Resumen: En eta Tesis se estudia la regulación de las vías de las MAPK, ERK y JNK, en condiciones de apoptosis y diferneciación. Las células de neuroblastoma de ratón N2A entran en apoptosis al inhibir la PKCa, y para ello es necesaria la activación de JNK y la inhibición de ERK. Sin embargo, una línea derivada de las células N2A que sobre-expresan la proteína Bcl-2, es resistente a esta inducción de apoptosis, posiblemente por no producirse ni la inhibición de la vía en ERK ni la activación de la vía de JNK. Las células N2A se diferenciacian cuando se las ayuna de los factores de crecimiento presentes en el suero, cuando se las trata con geldanamicina (un inhibidor de la chaperona Hsp90) o SB203580 (un inhibidor de p38 y JNK), y cuando se las transfecta con una construcción de MEKK1 constitutivamente activa. En todas estas condiciones se produce la activación de ERK, que parece necesaria y suficiente para la diferenciación. También se han estudiado otros efectos de la geldanamicina. Este inhibidor induce apoptosis en las células PC12 e importantes cambios morfológicos en otros tipos celulares (mioblastos C2C12, keratinocitos 3D y PAM, células epiteliares HEK293 y BSC40) que confirman el efecto pleiotrópico de la inhibición de Hsp90.

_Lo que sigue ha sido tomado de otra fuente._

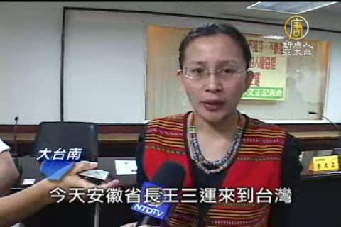 【新唐人亞太台2011年4月20日訊】被控告殘害人群罪的安徽省長王三運,準備在21日以「經貿文化」之名前往台南,不過,多位台南市議員今天(20日)召開記者會表示,台南市不受經濟利益誘惑,不歡迎王三運到台南來,並要求釋放拘押在安徽省勞教所的神韻藝術家的親人。
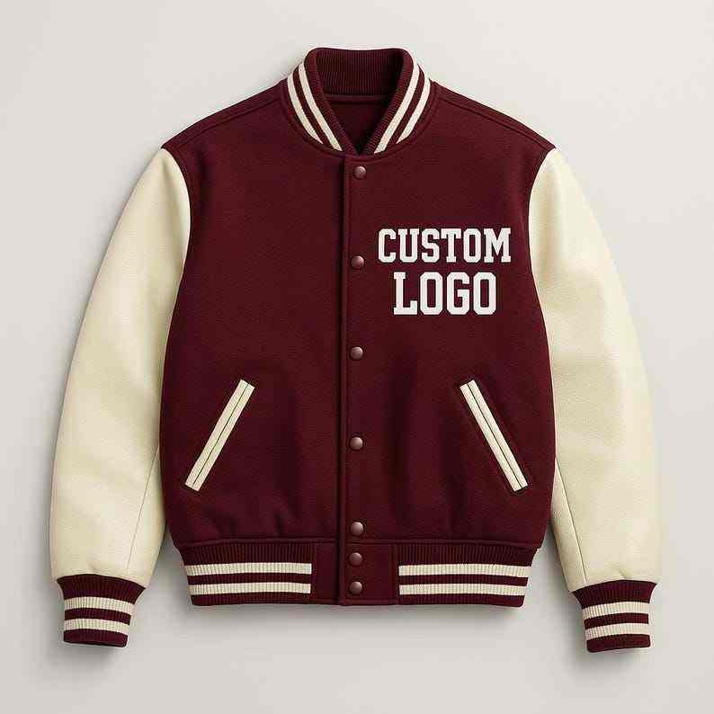 เสื้อแจ็คเก็ตเด็กนักเรียนสีแดง เสื้อแจ็คเก็ตเด็กผู้ชาย เสื้อแจ็คเก็ตเบสบอล เสื้อแจ็คเก็ตวาร์ซิตี้ ปักลายเชนิลล์ ทรงเข้ารูป

Autor: MATA VICENTE M.TERESA.
Año: 1999.
Universidad: AUTONOMA DE MADRID.
Centro de lectura: CIENCIAS.
Centro de realización: HOSPITAL RAMON Y CAJAL.

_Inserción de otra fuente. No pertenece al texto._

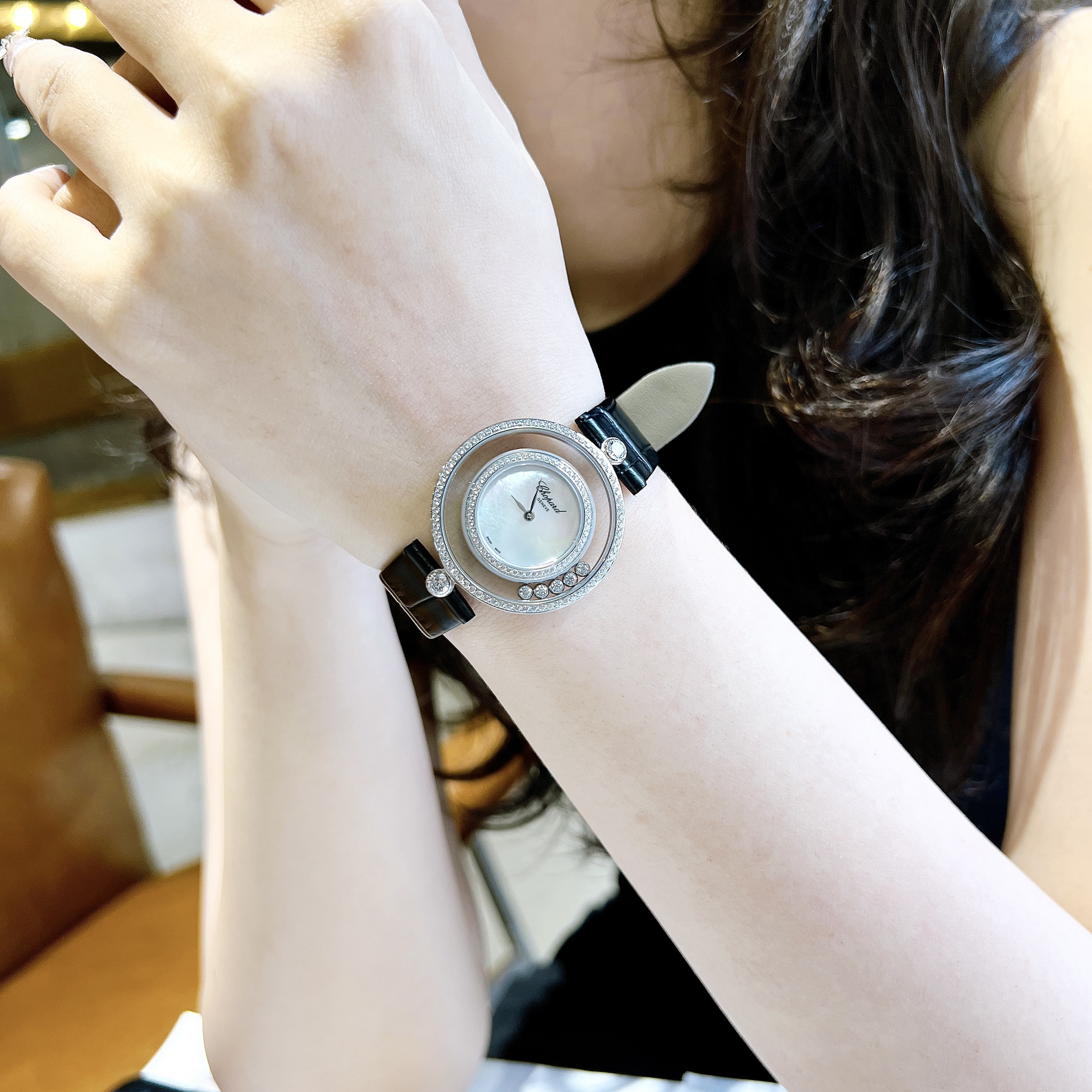 Đồng hồ Chopard siêu cấp nữ mặt tròn đính đá xoay

Resumen: Listeria monocytogenes es un patógeno intracelular de origen alimentario. Los análisis de una mutación en el gen gl2, el cual codifica una proteína de superficie, nos permiten pensar que se puede tratar de un receptor de osmolitos. La secuenciación a ambos lados tanto del gen gl2 como de flaR nos ha permitido indentificar tres nuevas secuencias codificantes mdetl1, trl1 y sprl1, cuyas correspondientes secuencias de aminoácidos presentan homología con transportadores de flujo de múltiples drogas, un regulador transcripcional y un regulador de antígeno de superficie, respectivamente. Los estudios interespecíficos llevados a cabo por hibridación o por PCR demuestran que las secuencias antes mencionadas sólo se encuentran en Listeria monocytogenes y en Listeria grayi, incluyendo a flaR en este grupo de genes. La caracterización del mutante construido mediante la inserción del plásmido pKSV7 en el gen mdetl1 nos ha permitido realizar un análisis comparativo de la función del gensalvaje con respecto al gen mutante, apreciándose una mayor sensibilidad de la cepa mutada LOTM1 frente a eritromicina, josamicina y clindamicina, con respecto a la cepa salvaje LO28. Estas bombas de flujo exportan no sólo antiobióticos, sino también otros compuestos tóxicos para la bacteria, tales como metales pesados, quedanto demostrado que la cepa LOTM1 tenía una mayor sensibilidad frente a ZnSO2, CoCl4, y K2CrO4. Otro compuesto tóxico para la célula es el bromuro de etidio, siendo posible medir el flujo de ésta sustancia, lo que nos permitió demostrar que nuestra proteína funcionaba como una bomba de flujo para dicha sustancia. Desde el punto de vista clínico, este gen (mdetl1) es muy interesante ya que la resistencia antibiótica de Listerina monocytogenes se ha convertido en un problema creciente desde la aparición de las primeras resistencias en 1988.